Exercise prompt: Nothing in the data should change when you return it, but leave the pictures out.

(Beginning of Information shown)

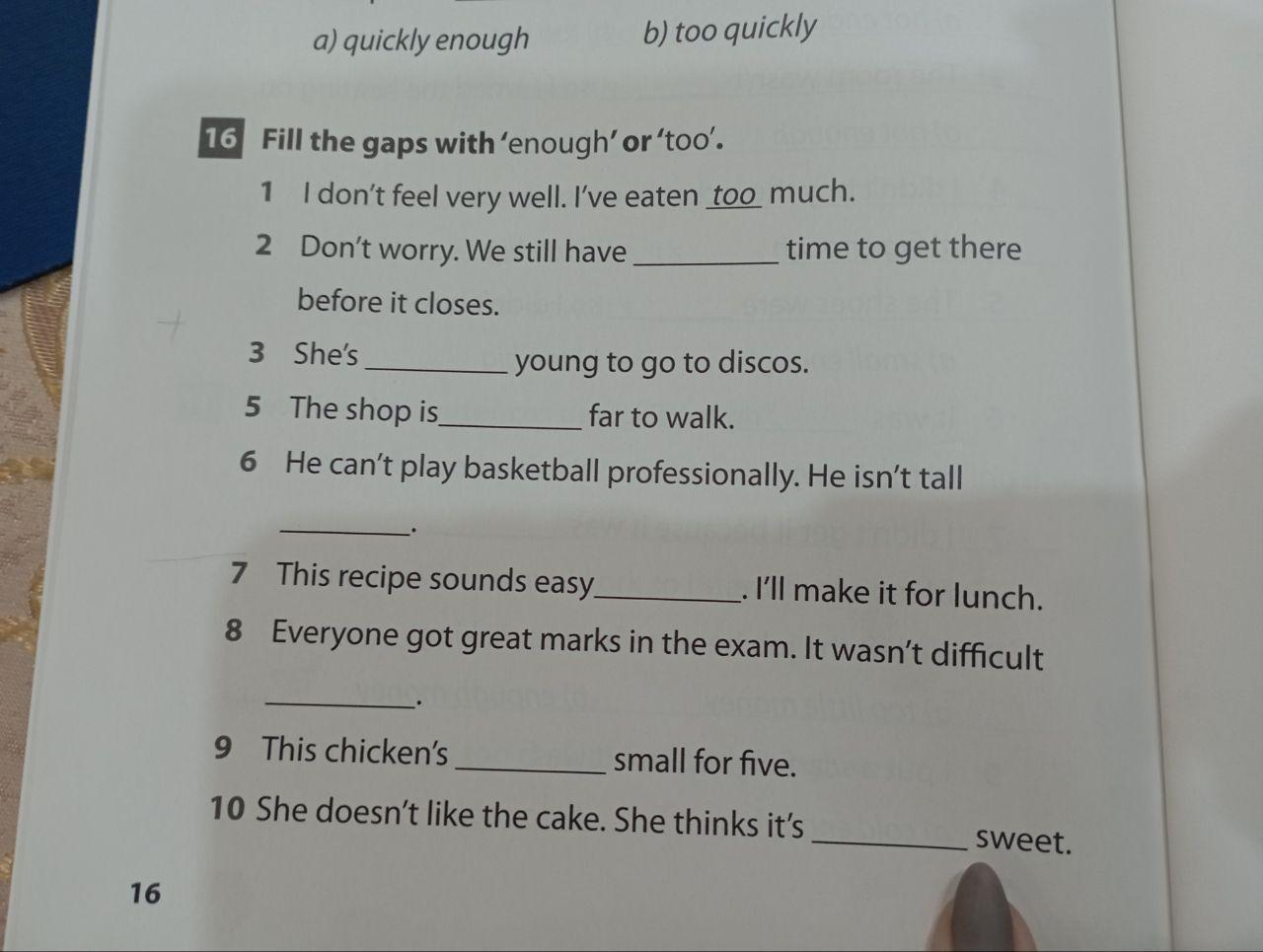 7. Everyone got great marks in the exam. It wasn't **too** difficult.
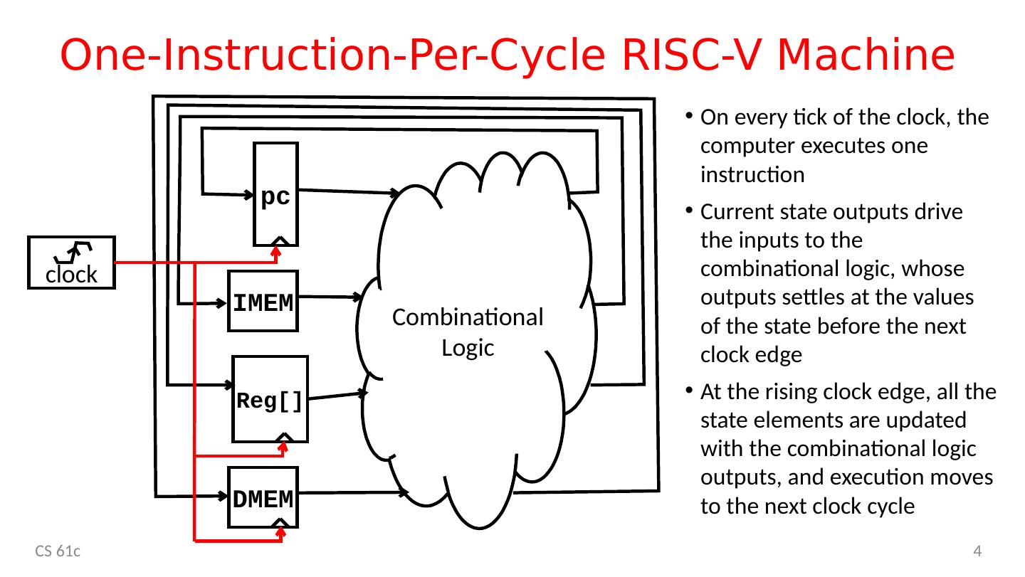4 .One-Instruction-Per-Cycle RISC-V Machine On every tick of the clock, the computer executes one instruction C urrent state outputs drive the inputs to the combinational logic, whose outputs settles at the values of the state before the next clock edge At the rising clock edge, all the state elements are updated with the combinational logic outputs, and execution moves to the next clock cycle CS 61c 4 Reg [] pc IMEM D MEM Combinational Logic clock
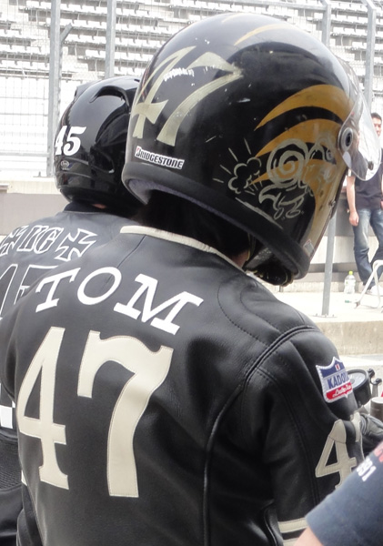 遠いし、行けないなぁって思ってたのに、New「47」の画像見ちゃって胸がザワザワ。諦めるつもりでアクセス見たら、ん?つくばより交通の便はいい??って思ってきちゃって…ヾ(´ε`*)ゝ 行ってきちゃいました。「やっぱりね」って声が聞こえてきそう…(;´▽`A``ところが甘かった!レース場へ行くバスへ乗ったまでは順調だったのに、そこからが散々。足、棒になりました。パドックへ着いてからも、ドコ?と出走準備時間が迫る中、ドキドキしたけど、ナンかやっぱり呼ばれる感じ?がして歩いていくと、お仲間発見。ココのパドックは建屋内なんで、皆さんいるところが暗い。うーん、ココはあまり長い時間、じーっと見ていられない場所かも…。智也の姿がないなぁって思って、キョロキョロしてたら、いきなり、キャップかぶってバイクに乗って智也がキタ━━━━(゚∀゚)━━━━ !!!!!ニッコニッコの笑顔で仲間の元へバイクを寄せてきた。いきなりの登場で、喜びのあまりカメラ出し損ねて、見送っちゃったよ。ナンか最初見えた時、顔がシュッとしてて、一瞬、智也だよね…?って感じだったの。すぐに着替えを始めて、またパンツ姿見ちゃった…。

(End of Information shown)

Solution for this exercise:
 7. Everyone got great marks in the exam. It wasn't **too** difficult.
4 .One-Instruction-Per-Cycle RISC-V Machine On every tick of the clock, the computer executes one instruction C urrent state outputs drive the inputs to the combinational logic, whose outputs settles at the values of the state before the next clock edge At the rising clock edge, all the state elements are updated with the combinational logic outputs, and execution moves to the next clock cycle CS 61c 4 Reg [] pc IMEM D MEM Combinational Logic clock
 遠いし、行けないなぁって思ってたのに、New「47」の画像見ちゃって胸がザワザワ。諦めるつもりでアクセス見たら、ん?つくばより交通の便はいい??って思ってきちゃって…ヾ(´ε`*)ゝ 行ってきちゃいました。「やっぱりね」って声が聞こえてきそう…(;´▽`A``ところが甘かった!レース場へ行くバスへ乗ったまでは順調だったのに、そこからが散々。足、棒になりました。パドックへ着いてからも、ドコ?と出走準備時間が迫る中、ドキドキしたけど、ナンかやっぱり呼ばれる感じ?がして歩いていくと、お仲間発見。ココのパドックは建屋内なんで、皆さんいるところが暗い。うーん、ココはあまり長い時間、じーっと見ていられない場所かも…。智也の姿がないなぁって思って、キョロキョロしてたら、いきなり、キャップかぶってバイクに乗って智也がキタ━━━━(゚∀゚)━━━━ !!!!!ニッコニッコの笑顔で仲間の元へバイクを寄せてきた。いきなりの登場で、喜びのあまりカメラ出し損ねて、見送っちゃったよ。ナンか最初見えた時、顔がシュッとしてて、一瞬、智也だよね…?って感じだったの。すぐに着替えを始めて、またパンツ姿見ちゃった…。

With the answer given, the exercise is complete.